■ REQUIRED ACTION ■
Give back each entry unchanged, minus pictures.

■ DATA TO USE ■
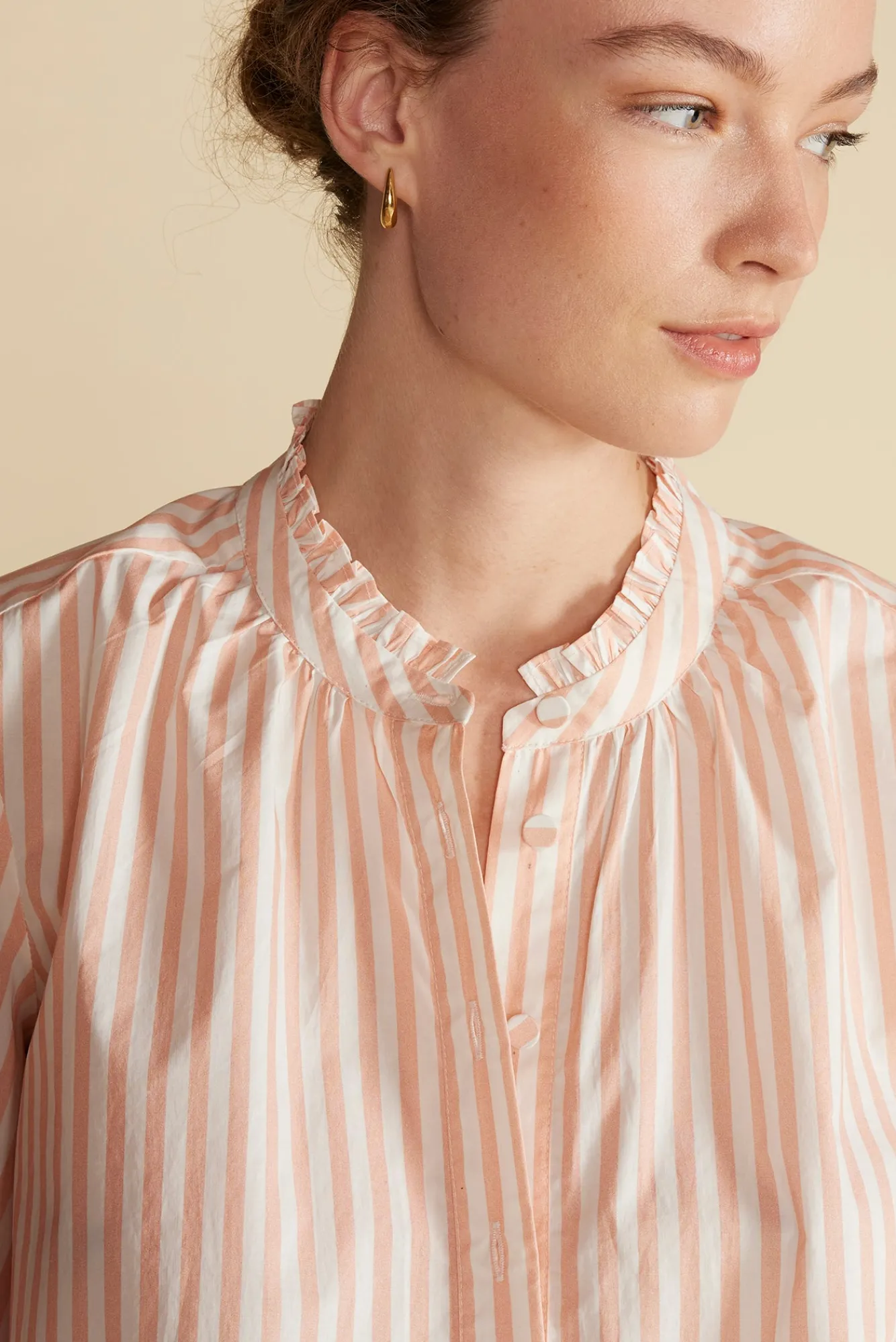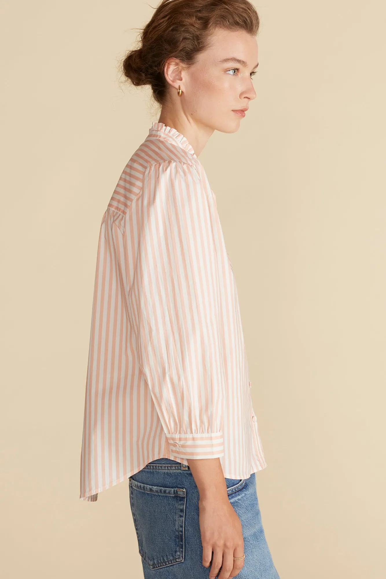 Machine WashableOrganicAn airy band collar shirt with a curved hem and delicate ruffle detailing. Relaxed yet crisp in o…
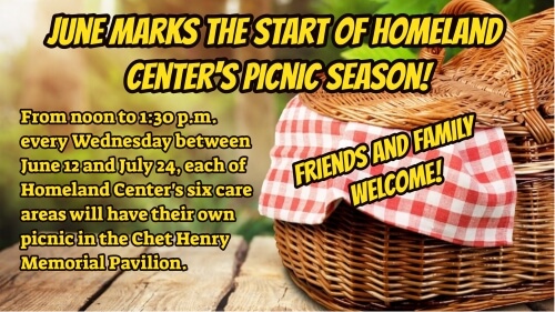 From noon to 1:30 p.m. every Wednesday between June 12 and July 24, each of Homeland Center’s six care areas will have their own picnic in the Chet Henry Memorial Pavilion, located in the lush Fifth Street gardens. Organized by
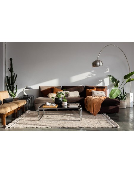 Bir yanda kontrast çizgili tasarım, diğer yanda nötr bir görünüm sunan Duetto halı, iki tasarımı tek parçada bir araya getiriyor.
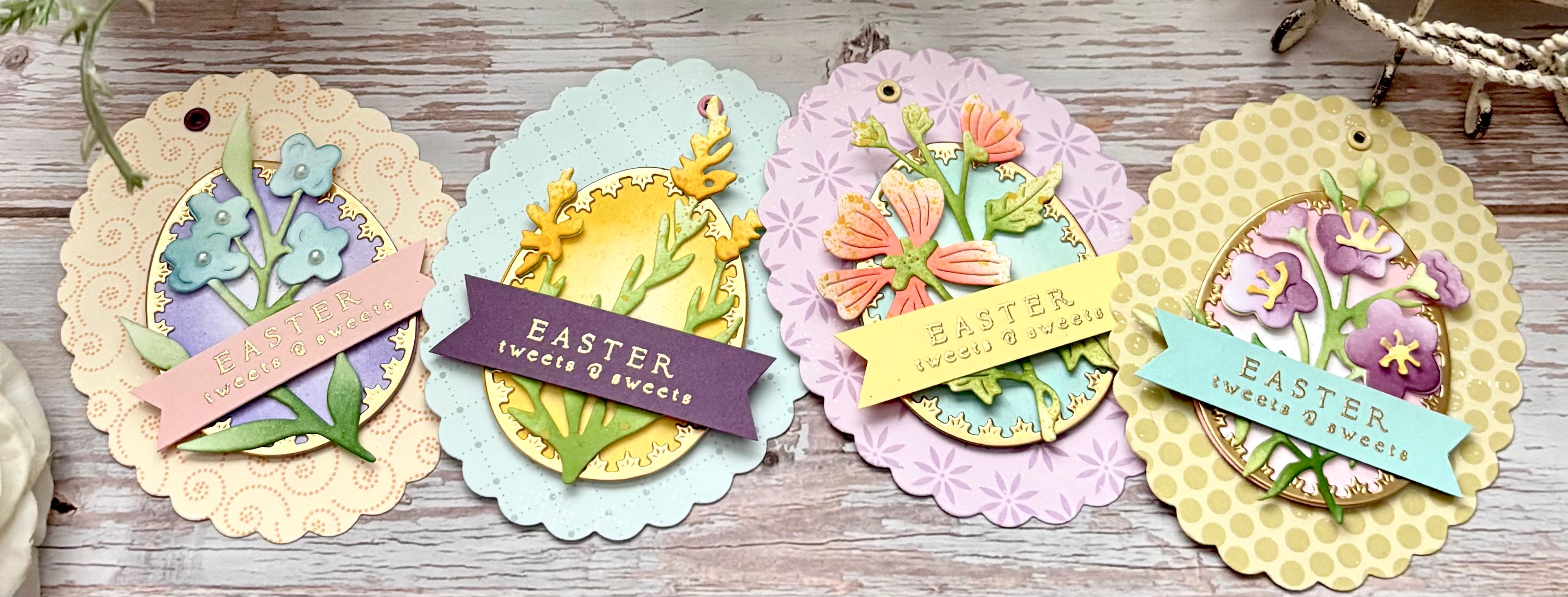 The base of each tag is one of the dies included in the Golden Egg Die and is cut from my favorite spring pattern paper: Spring Pastels, but unfortunately it is retired. There will come a time when I have used it all and I will be so sad!
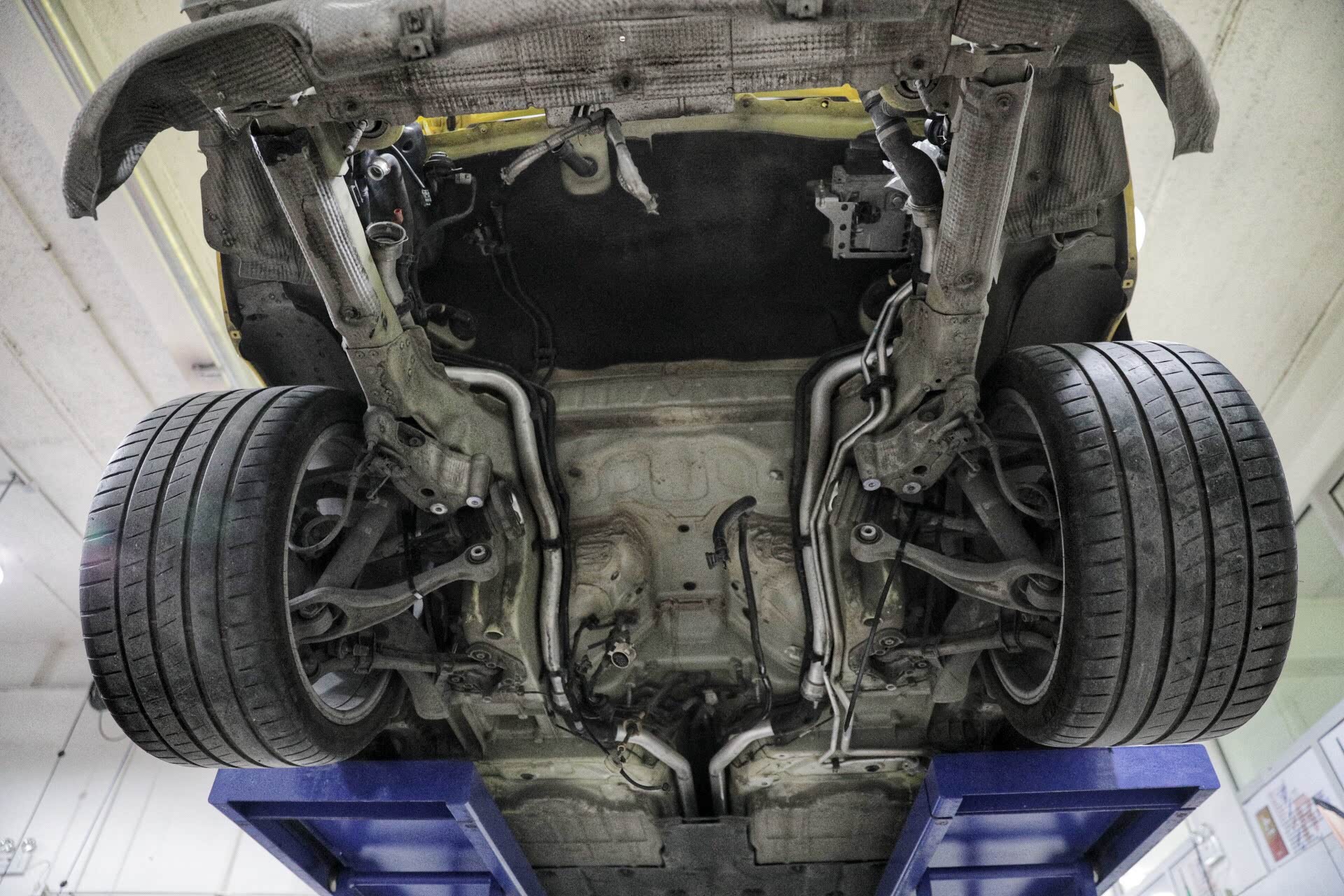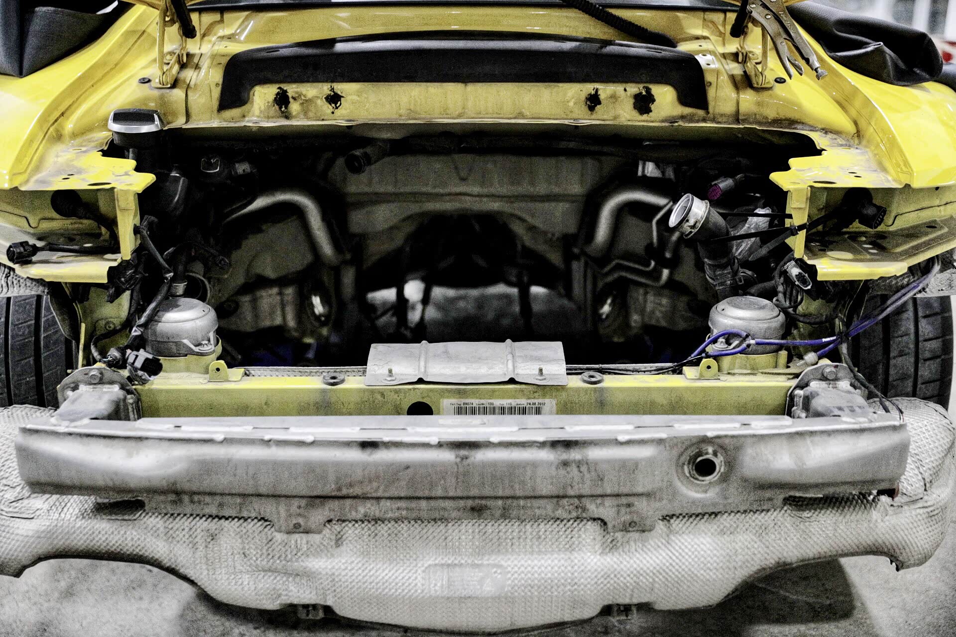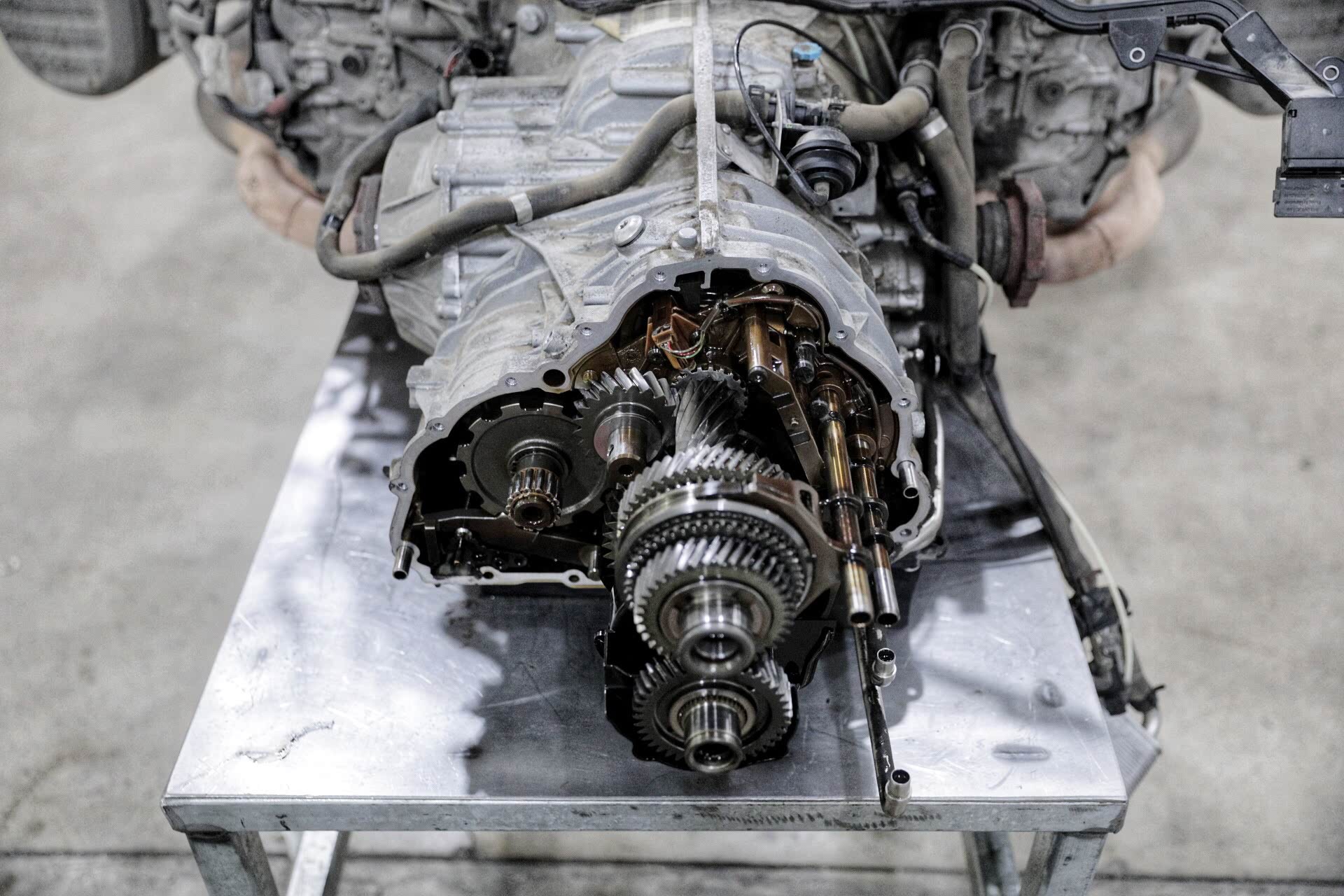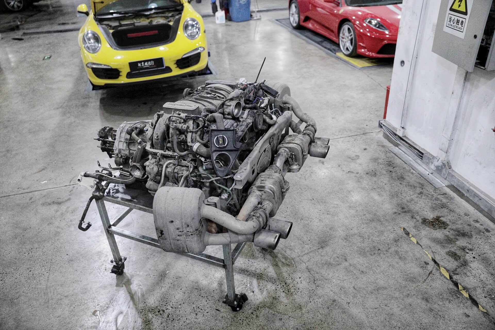 可能此时您会问,既然是变速箱出现了问题为什么不单独拆变速箱?答案很简单,因为保时捷911这款变速箱换挡机构在最后,所以很难单独进行拆卸。另外,对于保时捷911车型而言,发动机整体取下的工作量会较小,因为把线束及油水全部解决,从后车架直接就可以取下。

■ FINAL ANSWER ■
 Machine WashableOrganicAn airy band collar shirt with a curved hem and delicate ruffle detailing. Relaxed yet crisp in o…
 From noon to 1:30 p.m. every Wednesday between June 12 and July 24, each of Homeland Center’s six care areas will have their own picnic in the Chet Henry Memorial Pavilion, located in the lush Fifth Street gardens. Organized by
 Bir yanda kontrast çizgili tasarım, diğer yanda nötr bir görünüm sunan Duetto halı, iki tasarımı tek parçada bir araya getiriyor.
 The base of each tag is one of the dies included in the Golden Egg Die and is cut from my favorite spring pattern paper: Spring Pastels, but unfortunately it is retired. There will come a time when I have used it all and I will be so sad!
 可能此时您会问,既然是变速箱出现了问题为什么不单独拆变速箱?答案很简单,因为保时捷911这款变速箱换挡机构在最后,所以很难单独进行拆卸。另外,对于保时捷911车型而言,发动机整体取下的工作量会较小,因为把线束及油水全部解决,从后车架直接就可以取下。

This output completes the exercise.